The Qld Civil and Administrative Tribunal has effectively refused an application by taxpayers for exclusion orders that would have created 4 separate groups for payroll tax purposes. ‘Groups’ are relevant in payroll tax because there is a substantial tax free amount of wages that don’t attract tax, and payroll tax could be avoided by carrying on each business in a separate entity, or even splintering a single business, into separate parts.

The scheme of the Qld Payroll Tax law (like most) is to create a potentially wide class of ‘groups’ and then give the Commissioner a power to regroup a taxpayer, if need be. In Qld, this is set out in Part 4 of the Payroll Tax Act 1971:

  1. Employers can be grouped if they are ‘related bodies corporate’ under the Federal Corporations Act 2001 (s69); there are common employees (s70); there are commonly controlled businesses (s71); and groups through tracing controlling interests (s72). Also, smaller groups must be subsumed into larger groups (s68 & s73).
  2. The  Commissioner can exclude a person from a group, under s74 of the Act, if he or she “is satisfied a business, carried on by the person, is carried on independently of, and is not connected with the carrying on of, a business carried on by any other member of the group”.

The Tribunal was reviewing a decision made by the Commissioner of State Revenue on 18 January 2018, disallowing the taxpayers’ objection to a decision made on 10 April 2017. The Commissioner had assessed on the basis that there was one group of 14 member companies. In summary, the taxpayers had applied for exclusion orders that would have had the effect of creating 4 separate groups for payroll tax purposes, namely the Chrome Group, the Fidler Family Group, the Tacoma Group and AP Hotel 1. The Commissioner refused the application for exclusion orders.

This case related to the Commissioner’s refusal to make exclusion orders that would have left the members of the so called “Tacoma Group” as a Payroll Tax group.

  • The form of the orders requested, was, for each of the 4 members of this Tacoma Group, be excluded from the group, comprised by the 10 other members of the prima-facie ‘group’, but not from the other members of the putative Tacoma Group, allowing the Commissioner to treat those companies as a new Payroll Tax ‘group’.

The Tribunal determined that this relatively sensible objective was not possible, because of the language of the Act.

  • Crucially, it noted that s74 (quoted above) only allowed a company to be excluded from a ‘group’ if its business was independent from “any other member of the group”. In other words, the business of the subject employer had to be relevantly independent from those of ALL of the other 13 companies, end not just, from the businesses of the 10 others.
  • The Tribunal could see no way around this, because of s68, which precludes there being ‘groups’ within larger ‘groups’. Section 68 says: “A group is constituted by all the persons forming a group that is not part of a larger group.” This, the Tribunal said, prevented it finding that a sub-group, of the 10 other companies, was the relevant ‘group’ for the purposes of the regrouping provision in s74 (referred to above).
  • The Tribunal said that the taxpayers’ argument depended on s74 being read as if the exclusion provision had the following words added:

” … a business, carried on by the person, is carried on independently of, and is not connected with the carrying on of, a business carried on by any other member of the group that they seek to be excluded from.”

The taxpayers sought to distinguish this case from the precedent in Comr of Payroll Tax (Qld) v John French Pty Ltd & Ors [1984] 1 Qd R 125, which had decided the issue against them (under legislation that was materially identical).
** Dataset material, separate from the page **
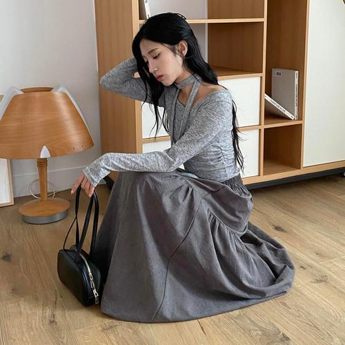 [옷자락] 여자 셔링 오프숄더 언발 머플러 티셔츠세트

The Tribunal, however, decided that this case could NOT be distinguished.

There is a further ‘wrinkle’ to this. Counsel in the case tells me that, following the French case, there was a unique Qld amendment to the law, to alleviate this problem. This relief was then lost, when the states ‘harmonised’ their Payroll Tax law in 2008. This case has the effect of confirming that the reinstated ‘pre-amendment’ law, has the same unsatisfactory effect, as the French case had established. I’m not aware of whether any other State authorities, are allowing ‘sub-groups’ to de-group, without regard to the French case, or this new Xede case.

In any event, this case ought make it clear that the harmonised statutes all need to be changed, to allow the eminently reasonable result, that a ‘sub-group’ can de-group.

(Xede Pty Ltd & Ors v Comr of State Revenue [2018] QCAT 362, Qld Civil and Administrative Tribunal, Cranwell M, 30 October 2018.)

FJM 6.1.19

[LTN 233, 12/18; Tax Month – December 2018]


CPD (comprehension) questions

  1. Is the scheme of the Payroll Tax law, to allow ‘groups’ to be widely defined, and then give the Commissioner a structured power to exclude companies that are sufficiently independent?
  2. Under what section, in the Queensland law, is this exclusion power?
  3. Does this provision allow a single company to be excluded (because it is relevantly independent of all the other members of the ‘prima-facie’ group)?
  4. Does this provision allow a sub-group (of relevantly dependent employers) to be excluded from other members of the prima-facie group (from whom they are relevantly ‘independent’)?
  5. Why?
  6. Do you think this is a satisfactory state in which to leave the law?